It appears that Apple is making gold better - amazing.
What is the desirability of gold? It is the essence of the metal or the appearance? If apple is able to improve the essence of the metal and improve the longevity of the appearance - I say it's a win.
So we're down from 118 elements to 30, and we've come up with a list of three key requirements:
- Not a gas.
- Doesn't corrode or burst into flames
- Doesn't kill you.
Now Sanat adds a new requirement: You want the thing you pick to be rare. This lets him cross off a lot of the boxes near the top of the table, because the elements clustered there tend to be more abundant.
At the same time, you don't want to pick an element that's too rare. So osmium — which apparently comes to earth via meteorites — gets the axe.
That leaves us with just five elements: rhodium, palladium, silver, platinum and gold. And all of them, as it happens, are considered precious metals.
Gold has an additional bonus in being very resistant to oxidation or, well, pretty much anything it can be expected to encounter. A not insignificant property I would think.
It's interesting to note that before modern manufacturing processes, Aluminum was also a very valuable metal. It had all sorts of desirable properties and manufacturing costs were so high that it was effectively rare. Cheap hydroelectricity and process scaling have taken care of that however.
One other bonus: gold is mined, AFAIK, at a rate roughly comparable to the increase/production of value of everything else in society. Money is used to represent units of value in society, and inflation helps when the increase in the money supply matches economic growth. The increase in gold seems about on par with world economic growth, as noted in the aphorism that an ounce of gold can always buy a good suit or a good handgun.
Compound is at danger if a very effective manufacturing process appears. So it's better if there is a rare element in the compound. So it looks like the rare element is there to stay.
Why is the willingness of people to pay a lot of money for something because they like its texture or color and more "extrinsic value" than the willingness of people to pay a lot of money for something because they like its corrosion resistance?
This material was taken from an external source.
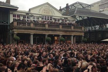 По данным BBC News, на площади собрались более двух тысяч зрителей. В качестве сцены музыкант использовал кузов грузовика, заранее припаркованного на площади.
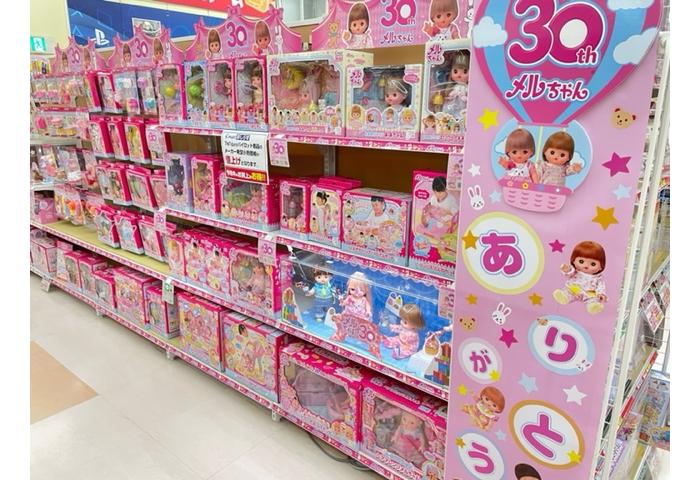 こんにちは!ジョーシン伏見店キッズランドです。 みんなだいすきメルちゃんは、今年で誕生30周年! 世代を越えて皆様に愛され続けるメルちゃんをお店のスタッフみんなでお祝いしています。お店ではメルちゃんもお友達と一緒にお祝いしています♪ メルちゃん30周年おめでとう!そして、ありがとう! ぜひ、ジョーシン伏見店に会いにきてね! メルちゃんの他にも、お洋服や家具、お世話グッズなどたくさんの品揃えで みなさまをお待ちしております!

I would say it's not. But I bet you if you came up with a replacement alloy that had the same exact texture and color as gold, people would not knowingly pay the same money for it. Just like lab diamonds can be grown to look even better than mined diamonds, the fact that they're from a lab still (sadly) diminishes their value.
Theoretically this is why it has value for hoarders; it's useful. Of course, if suddenly gold was unfashionable and was only needed for plating connectors, I doubt you'd get $1200 an ounce. But it will probably stay fashionable because people like the color.
(As someone who regularly uses public transportation, I personally won't be getting a gold watch. But I see the appeal.)
You could determine that by evaluating the proportion of gold that is used for industrial applications versus ornamentation. Based on my vague Internet research, I believe about three quarters of the gold consumed each year becomes a jewelry. That suggests that much of the value is linked to social status.
What is the desirability of gold? It is the essence of the metal or the appearance? If apple is able to improve the essence of the metal and improve the longevity of the appearance - I say it's a win.